The conclusions belong to a new study, that was carried out using datasets and readings collected by the US-French oceanography spacecraft Ocean Surface Topography Mission (OSTM)/Jason-2.

“This La Niña has strengthened for the past four months, is strong now and is still building. It will surely impact this coming winter's weather and climate,” says expert Bill Patzert.

The scientist holds an appointment as a climatologist at the NASA Jet Propulsion Laboratory (JPL), in Pasadena. The facility is managed by the California Institute of Technology (Caltech).

“After more than a decade of mostly dry years on the Colorado River watershed and in the American Southwest, and only one normal rain year in the past five years in Southern California, water supplies are dangerously low,” Patzert goes on to say.

“This La Niña could deepen the drought in the already parched Southwest and could also worsen conditions that have fueled Southern California's recent deadly wildfires,” the expert adds.

As the temperature of the tropical Pacific cools, less water will evaporate and make its way into the clouds, which – in the most basic of terms – translates into less precipitations, rain and snow included.

What the OSTM/Jason-2 mission does is keep an eye on sea surface height levels, which are clear indicators to the interplays that develop between El Niño and La Niña events.

These weather patterns are global, in the sense that the changes they instill in the atmosphere have implications on the other side of the world.

“A new image depicts places where the Pacific sea surface height is higher (warmer) than normal as yellow and red, with places where the sea surface is lower (cooler) than normal as blue and purple,” JPL experts write in a press release.

“Green indicates near-normal conditions.

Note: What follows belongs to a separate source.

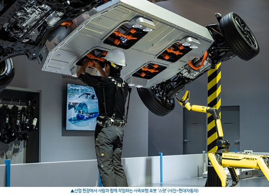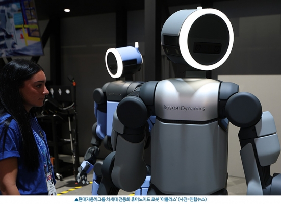 현대자동차그룹은 1836평방미터(㎡) 규모의 공간에 차세대 전동식 휴머노이드 로봇 '아틀라스' 연구형·개발형 모델과 사족보행 로봇 '스팟' 등 피지컬 인공지능(AI) 신기술을 선보였다. 전시장은 실제 제조 시설처럼 꾸며져 있어, 아틀라스와 스팟이 산업 현장에서 어떻게 사람의 일손을 돕고, 효율을 높이는 지 직접 보여주는 방식으로 꾸며졌다.
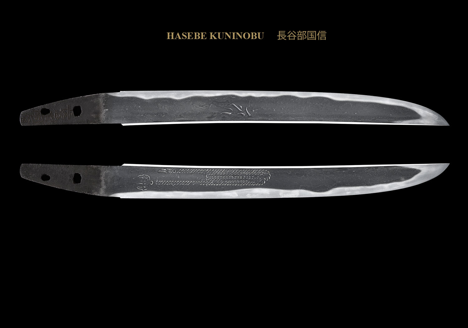 2. Kanmuri-otoshi-zukuri with mihaba in proportion and mu-sori. – Tegai Kanezane 手搔包真; the Nio 二王 school (Kiyonaga 清永, Kiyokage 清景).

Sea surface height is an indicator of how much of the sun's heat is stored in the upper ocean,” they adds.

NASA will continue to keep its satellites trained on the Pacific and the Atlantic oceans over the coming months, in a bid to catch the transition between the two weather patterns in the act.

This may in turn help climatologists develop better conditions of how the La Niña event, which is just starting, will evolve in time.